第266話 感動の再会!? - 二人の男を従える令嬢様 -
まるで、この世の終わりのような雲だった。
紫色に変色しまくる空。遥遠くで激しい雷と嵐。嫌な感じだ。
しかし、今のところ敵の気配らしい気配はない。固く構えていたところで無駄に疲れるだけだ。だから俺たちは気にせず、街へ向かった。

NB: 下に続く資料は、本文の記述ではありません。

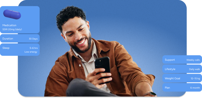We start with a full health and lifestyle review — everything from your current dose and appetite patterns to your daily routine. From there, your prescriber builds your personalised taper or continuation plan. Your nutrition, behaviour, and fitness coaches create your support framework around that. Over six months, your plan adapts as you do — so every change is reviewed, explained, and managed by professionals who monitor your progress closely. Nothing is left to guesswork.
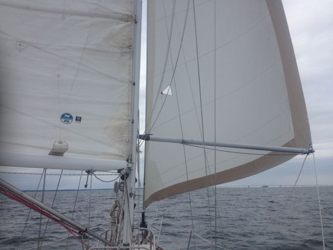 What I noticed next really surprised me: Seb was really moving. Under main alone she was actually sailing pretty well. Better still, with the masthead fly pointed almost directly aft and a slight chop starting to build, she was rock steady. Hey, I thought. How about this. Inspired, I decided to give our whisker pole a try, so I rigged it up with the jib still rolled, then simply unrolled the jib to weather with the sheet running through the end of the pole. The next thing I knew  Seb had picked up another knot and was making very respectable speeds though the water, wing on wing, dead downwind. With no spinnaker. Even more incredible, she was rock steady, and her well-controlled motions meant that the poled-out jib actually stayed filled the vast majority of the time, instead of collapsing and banging full again. The whole experience was so calm that the autopilot could easily be engaged without making scores of battery-draining steering corrections. Fantastic! My speeds ranged from the upper 5 knots in the lulls to well over 7 as the puffs hit – dead down wind, right on the rhumb line. I couldn’t help but start fantasizing about long passages down the trade winds far, far from the Chesapeake Bay.
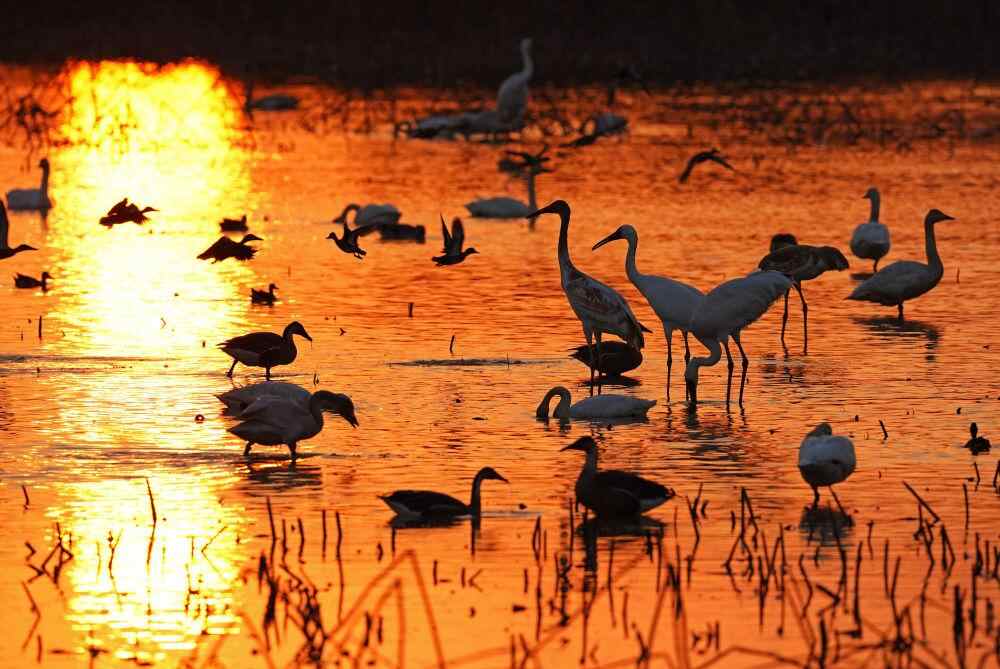 众多候鸟在江西鄱阳湖南矶湿地国家级自然保护区的湿地栖息(2022年11月11日摄)。新华社记者 万象 摄
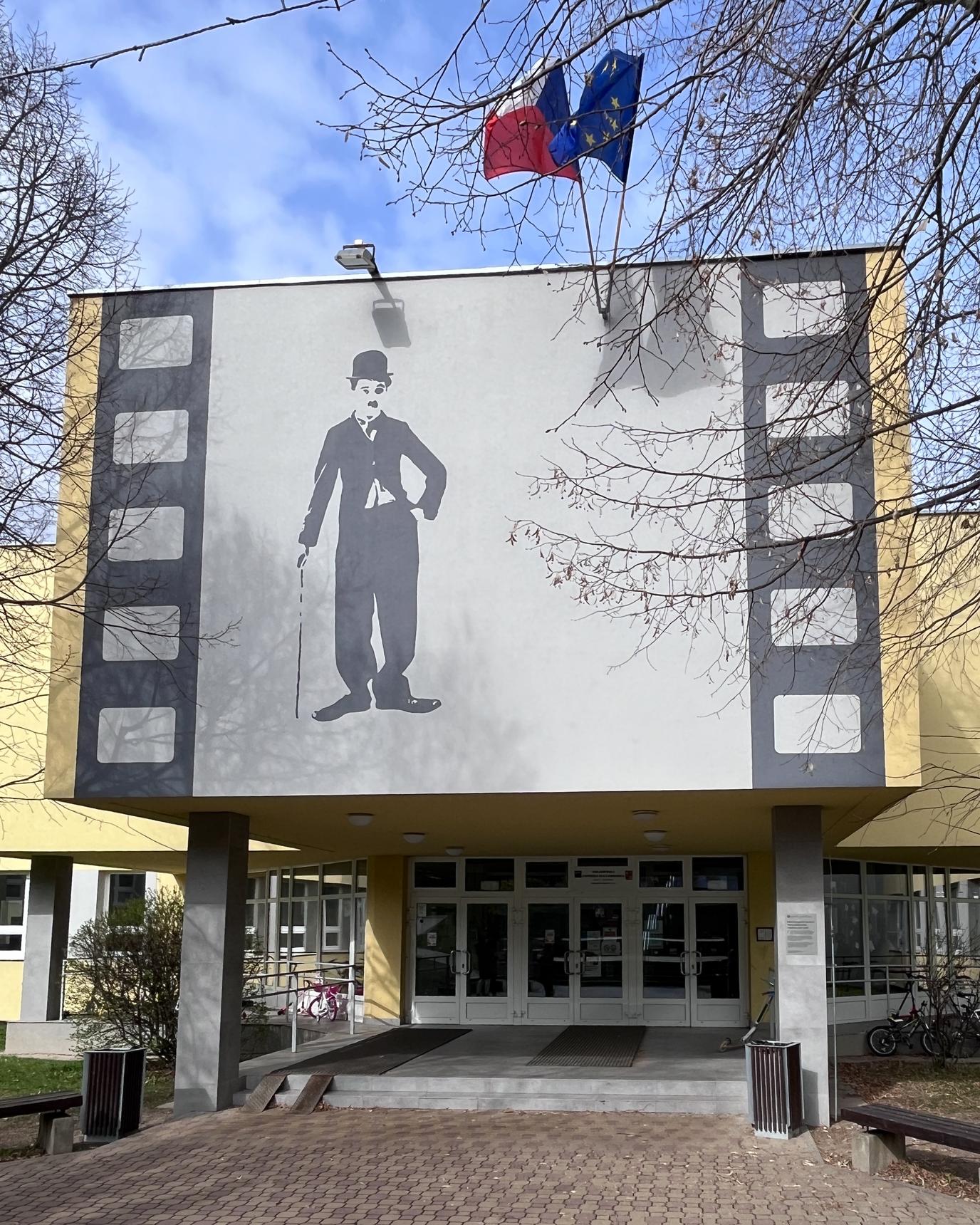 The portrait of Charlie Chaplin on the Barrandov school building, next to the square named after him.
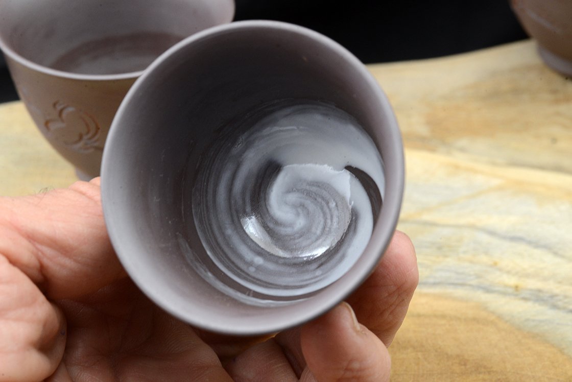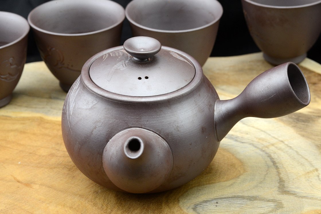 Mázatlan, fatüzes kemencében, magas hőfokon égetett banko teáskészlet
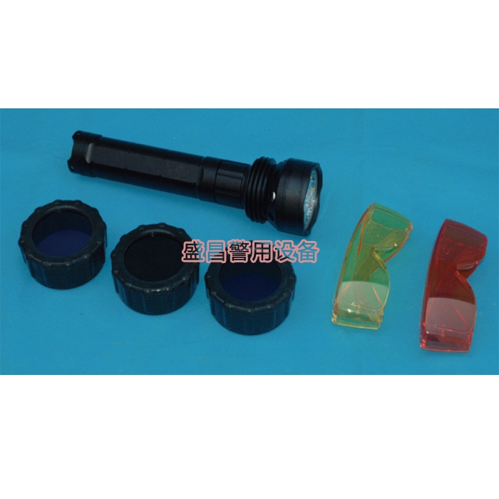 紫光照射物證,佩戴黃色眼鏡觀察熒光。
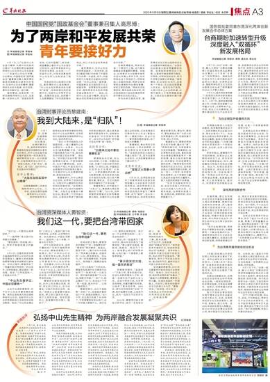 黎建南认为,要推动两岸关系和平发展,重点在“通”。“两岸加强交流,尤其是青年交流非常重要。”黎建南说,当台湾青年来到大陆,看到的是与台湾某些媒体宣传不一样的场景,看到大陆在国际舞台、经济建设、科技发展等方面的成绩,了解两岸更多同根同源的历史文化印记,自然就会做出正确的选择与判断,并且一传十、十传百,告诉更多的台湾青年,这个传播的力量比某些政治宣传的力量更大,某个大国的阴谋就不会得逞。
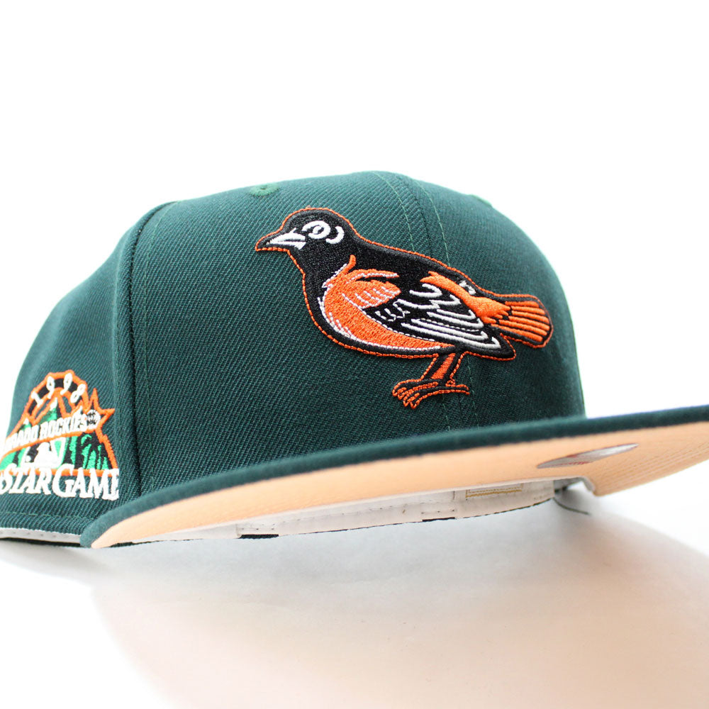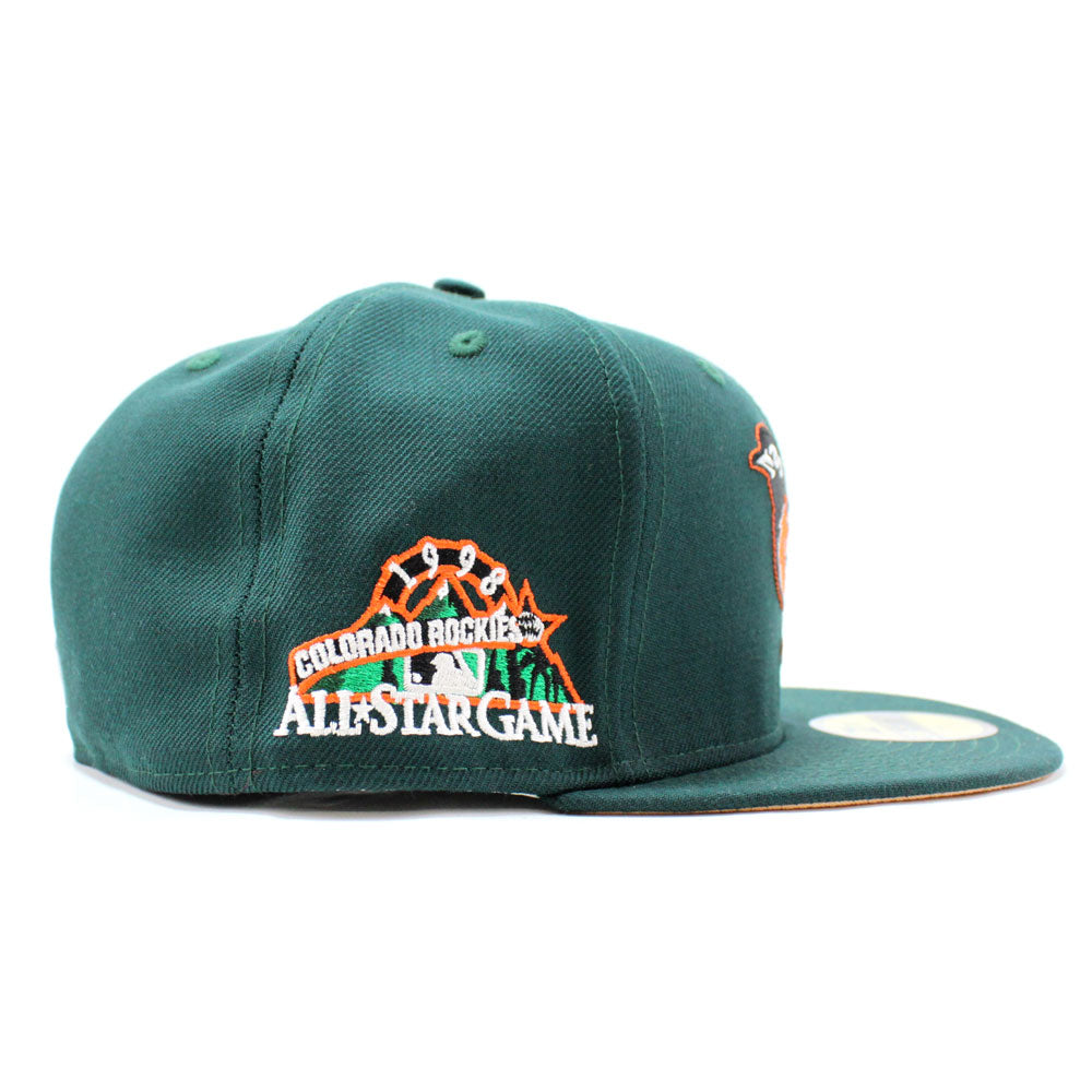 Baltimore Orioles 1998 All-Star Game 59Fifty New Era Fitted Hat in Dark Green & Peach Under Brim.

「んん? 人がいないぞ。閑散としすぎだろう。どうなってんだよ……」
「――――」
沈黙するネメシア。顔がいつになく怖いな。
「…………いる」
何かの気配を察知するトーチカ。
「いますね」
エコ、お前もか。
そして、それは現れた。
「…………なんだ、こいつら」
豪華なドレスに身を包んだ華やか女性。
その女性は、二人のゴツイ男を従えていた。……なんだ、貴族? ご令嬢? あれだけ煌びやかに堂々とされていると、それっぽいけどな。
女性は俺を見つめていた。――って、俺? なんで、俺。
そういう趣味はないけどなー。
「…………なるほど、フォルのおっしゃる通りでしたのね」
「あん?」
ドレスの女性が俺を指さす。なんだよ。
「……グースケとパースケ、やっておしまい」
――と、変な名前を口にすると、男たちが動き出した。って、その二人の名前かよ! なんちゅーシュールな名前! 思わず吹き出しそうになったぞ、それ!
てか、ネメシアはともかく、トーチカとエコが腹を抱えて爆笑していた。
「もにょにょにょ……!!」
「にゃはははははは!!!」
だから、トーチカ、お前は笑い方が不気味すぎるっつーの!!
けど、俺も何故だか自然と笑みが零れた。
「ぷっ……。グースケとパースケって――――うわっ!!!」
まて、男がもう俺の目の前に!! ちけぇ!!
いつの間に移動して来ていたんだ……くそ、ならば!!
『――――――覚醒聖槍・ロンゴミニアド!!!』
槍を生成して、盾にした。
急だったので、今はガードが精一杯だ。
「――――ふんっ!!!!!!!!」
グースケとかいうヤツ、槍を殴ってきやがった!! グーだけに!
「……なっ!? ぐぅっ!! なんて威力だ……手足が痺れたっ! まさか、足まで衝撃が伝ってくるとはな……。け、けどな、俺には【オートスキル】があんだよおおおおおおおおお!!」
身を捻り、後退。
そこで【オートスキル】が発動してくれた。
『――――――パーガトリー・チェーン!!!!!!』
つまりそれは――『煉獄の鎖』。
鎖が敵へ向かって、二人を捕縛した。
「ぐお!?」「んじゃこれ!!」
しかも、火属性魔法が発動しかけて、二人を燃やそうとしたが――
「おやめなさい!!」
あの女性が止めて来た。……おっと、あっぶね。グッパーコンビを殺しちまうところだったな。捕縛に留めよう。
「大体、あんたは何者で、いきなり何だよ。この男たちもなんだよ。名前おかしいし」
「…………力は衰えていませんのね。……ねぇ、ネメシア」
そう女性は、今度はネメシアを見た。
「…………っ!」
ビクっとネメシアは反応し、慌てた。
すごい焦ってる。
「サイネリアさん」
どうやら、ネメシアとは顔見知りらしい。ふーん、あのドレスの女性は『サイネリア』というのか。……ん? サイネリア……なんだ、心がざわつくぞ。
「おい、ネメシア。すげぇ美女と知り合いなんだな」
「ま、まあね……。ていうか、サイネリアさん、何しに来たんですか! 聖地奪還作戦はいいの?」
「まずは自己紹介ですわね。『サイネリア・ヘールボップ』です。よろしく。
ネメシア、あなたの力が必要だから迎えに来たのですよ。ハッキリ言いましょう。女神の力が世界を救うのです」
「…………」
「え、ネメシアって、女神だったの?」
「やはり……」
事情を知らないトーチカはポカンと、エコは察していたみたいだな。俺はまあ、ゴータマ戦で知ったけどな。